Similarity to the RUB/JPY

A recent example of this head and shoulders negation to upside breakout pattern occurred on the RUB/JPY, described in more detail in the ruble report. We can see the similarity of the two charts if we place them side-by-side. Below, we can see the weekly Taiwan Index is at a similar location to where the RUB/JPY was at the time of the report:

The RUB/JPY then followed with a pullback/retest, before the upside move began in earnest, visible on the right side of the chart below.


The formation of the symmetrical triangle trap also gives us the benefit of a measurable upside target. While I did not think it was realistic to use the high and low from the 2007 to 2008 period to draw the measured target for the HK 50, I do think it's realistic to use the low from 2008 for the Taiwan Index. The reasoning is that this would produce a projected target based on a measurement from the late 2010 period, where the target measurements for the HK 50 and the China A50 came from. Given the general similarity among Asian indexes in the way they're looked at and traded, it's unlikely for targets to be measured based off periods that years apart. Moreover, since only the low in 2008 is used as part of the Taiwan Index trap measurement, the target doesn't fall prey to being excessively large. It's well within bounds of reason and normal sized moves on this timeframe.

The distance from the 2010 high to the lower boundary gives a value of 125.30. Since the breakout occurred at 298.20, the projected target is 423.5.

Weekly Chart & Entry Guideline

We can see the price action more clearly on the weekly chart. This week, the index reached a prior local top from early 2013, where it may begin a pullback to retest the trap. Supporting this is the presence of weekly MACD histogram divergence, weekly stochastics divergence, and an overbought daily stochastics cycle.

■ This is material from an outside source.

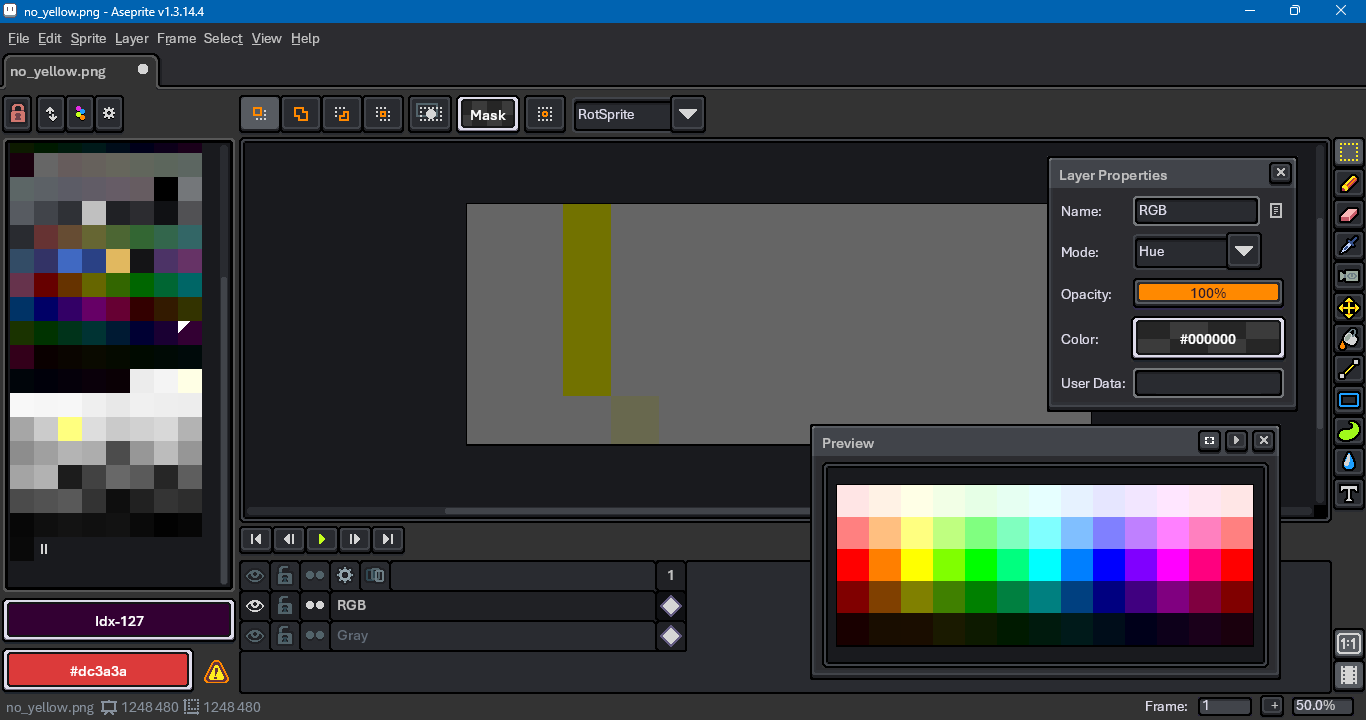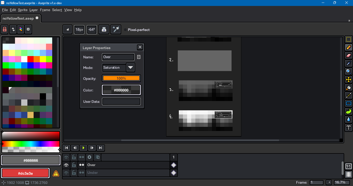 I am messing around with color swatches, and trying to desaturate my colors using a new layer in the blend mode “saturation”. And it does not work if the hue is a perfect yellow. The value does not matter, and if the hue shifts only one to the left or right, it also works, but perfect yellow specifically is unaffected by the blend mode.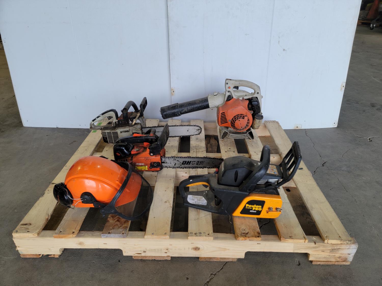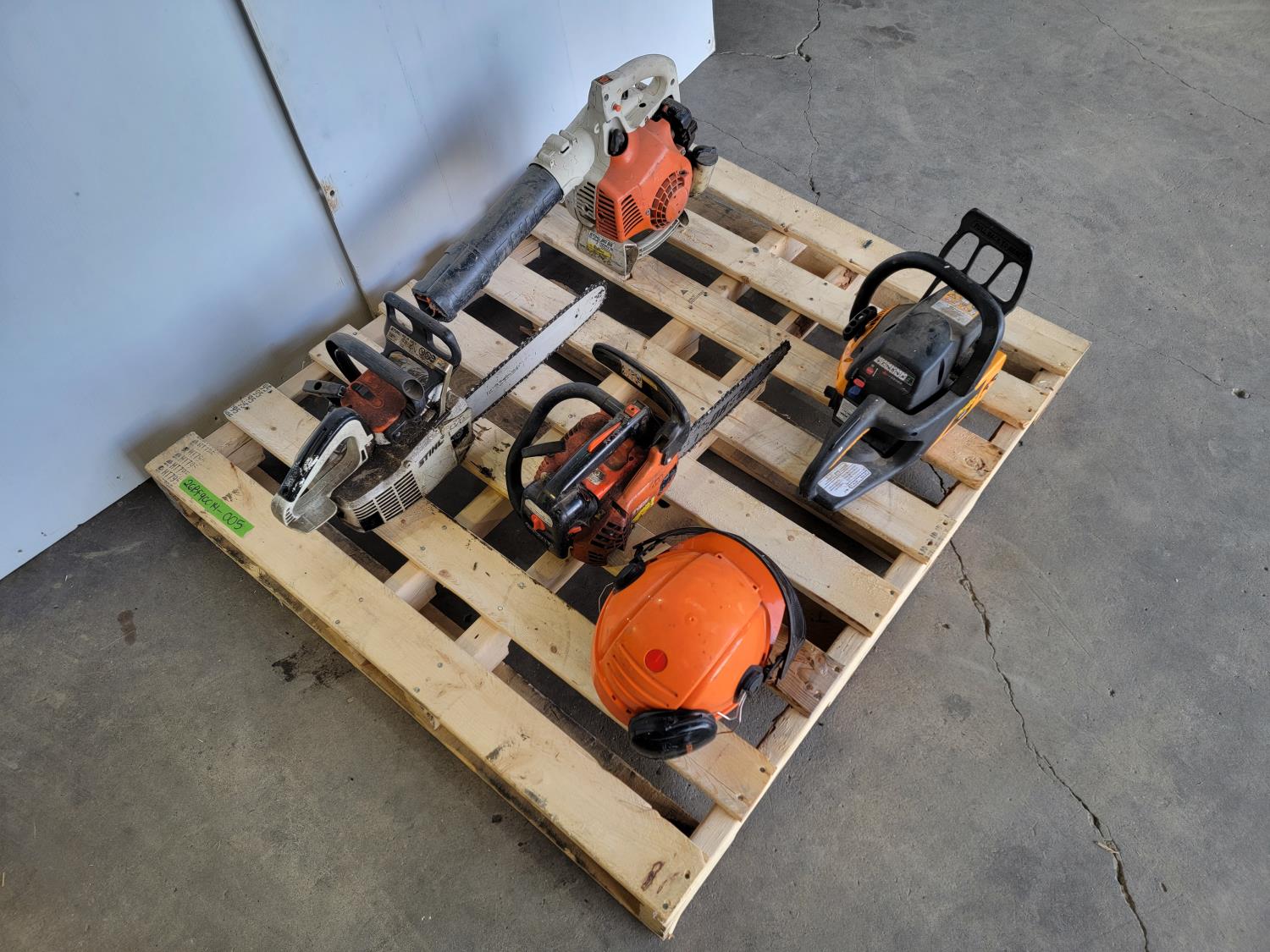 1198 Safety Helmet with Mesh Screen, Gas Blower and (3) Gas Chainsaws (Inoperable)

Of course, price may extend a bit higher before beginning its pullback. One key difference between the Taiwan index chart and the HK 50/China A50 charts is the timeframe on which an impending pullback might occur. While the pullbacks for the latter two indexes may take two to three months, the Taiwan Index could technically complete a valid retest in as little as a week and a half, if the pullback were to occur from this point at just under the 305 level. Because of this, an entry may need to be taken separately from entries on the other two indexes. While it's possible the Taiwan Index could do a significant retracement, pulling back as far as the lower trap boundary, and thus move in tandem with the HK 50 and China A50 in terms of timeframe, more often trap retests simply go to around the boundary price broke out from. In this case, a retest would come around 297.50. Therefore, an entry within a few points of that price level, with a stop at 290, or for more give, a stop at 280, may need to be taken on its own, as the index might begin its move up first.


The MSCI Taiwan index has broken out of a monthly trap, from which it can be expected to target the 423.5 level after pulling back first in the very short-term.

Overall Conclusion

To summarize, the three indices-the Hang Seng Index, the FTSE China A50 Index Futures, and the MSCI Taiwan Index-each appear to be in the early part of a sell-off correction move, before beginning multi-month uptrends targeting price levels that are based on technical traps. These traps seem to be in play as evidenced by price action, or specifically market behavior around key levels of the traps. The correlation between these indices should be considered when taking entries and throughout the lives of the trades until the final profit-taking areas are reached.